The plant object segmentation method was based on the PlantCV (Plant Computer Vision) suite. The plant and the non-green background in acquired images were then segmented by comparing the value of each pixel to a certain threshold in color space HSV (hue-saturation-value) and LAB (lightness-red/magenta and green- yellow and blue). We used 127, 90, and 83 for corresponding HSV channels. This segmentation method was applied to all of the captured images from different viewpoints, as shown in
Figure 7. A sample of the plant object segmentation results is shown in
Figure 8.
Using the data from the segmentation of plant objects from different views, Lowe’s method was applied to transform an image into a large collection of feature vectors and perform keypoints matching. Keypoints between two images were matched by identifying their nearest neighbors. In some cases, however, the second closest-match may be very near to the first. This may happen due to noise or other reasons. In this case, the ratio of closest-distance to second-closest distance was taken. If it was greater than 0.8, than they were rejected.

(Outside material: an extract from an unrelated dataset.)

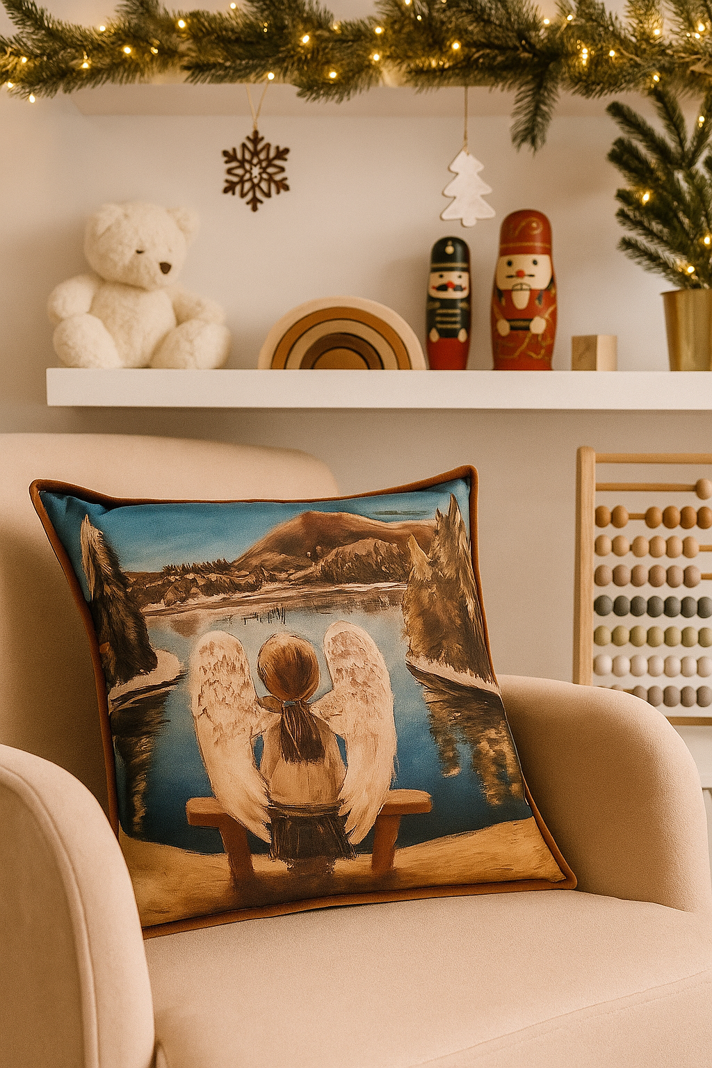 Dekoratyvinė pagalvėlė su autoriniu paveikslu „Angelo malda“, kurio autorė – s. Justina Gruodytė. Minkšta pagalvėlė iš itin švelnaus veliūro taip ir kviečia prisiglausti, pajausti angelo apkabinimą, pailsėti ir galbūt net nukeliauti į sapnų šalį.

Then, based on the results from feature matching, a SFM (structure from motion) method was applied to reconstruct the 3D model of the plants. By using this method, we can compute the positions of the cameras, take image features and image matches as input, and produce a 3D reconstruction of the camera and scene geometry as output. The representation method of our 3D model was point cloud and it was stored in polygon format, which is used to store graphical objects that are described as a collection of polygons.

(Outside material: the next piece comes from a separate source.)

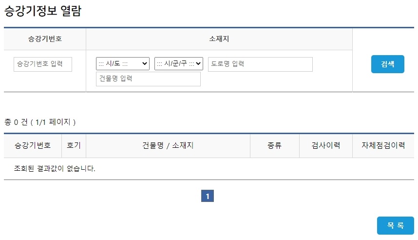 이런식으로 승강기 번호를 입력하시면 승강기정보 열람도 가능하게 되어 있어요.

Illustrative images of the resulting 3D models are shown in
Figure 9, which show the high quality of the reconstructed models. The details of the plants are reconstructed in a photorealistic manner, exhibiting smooth leaf areas and angles, which also include overlapping leaves, one of the most challenging features to model in Arabidopsis plants.
Visual inspection of the models we obtained (
Figure 9), and those reported in the literature [
28], indicate that our 3D models are of better quality as they are not missing details of the surface of leaves, petioles, or flower buds, despite the flat rosette architecture and the high number of overlapping leaves of the plant model are tested here. In some studies, validation of the 3D models has involved extracting 2D readouts and comparing those to the measurements obtained using manual destructive phenotyping. Another possible validation approach was the use of unique virtual datasets that has allowed authors to assess the accuracy of their reconstructions [
10,
11].
Future steps will involve automation of the system and implementation of the 3D models in the characterization of plants with enhanced growth rate, biomass accumulation, and improved tolerance to stress.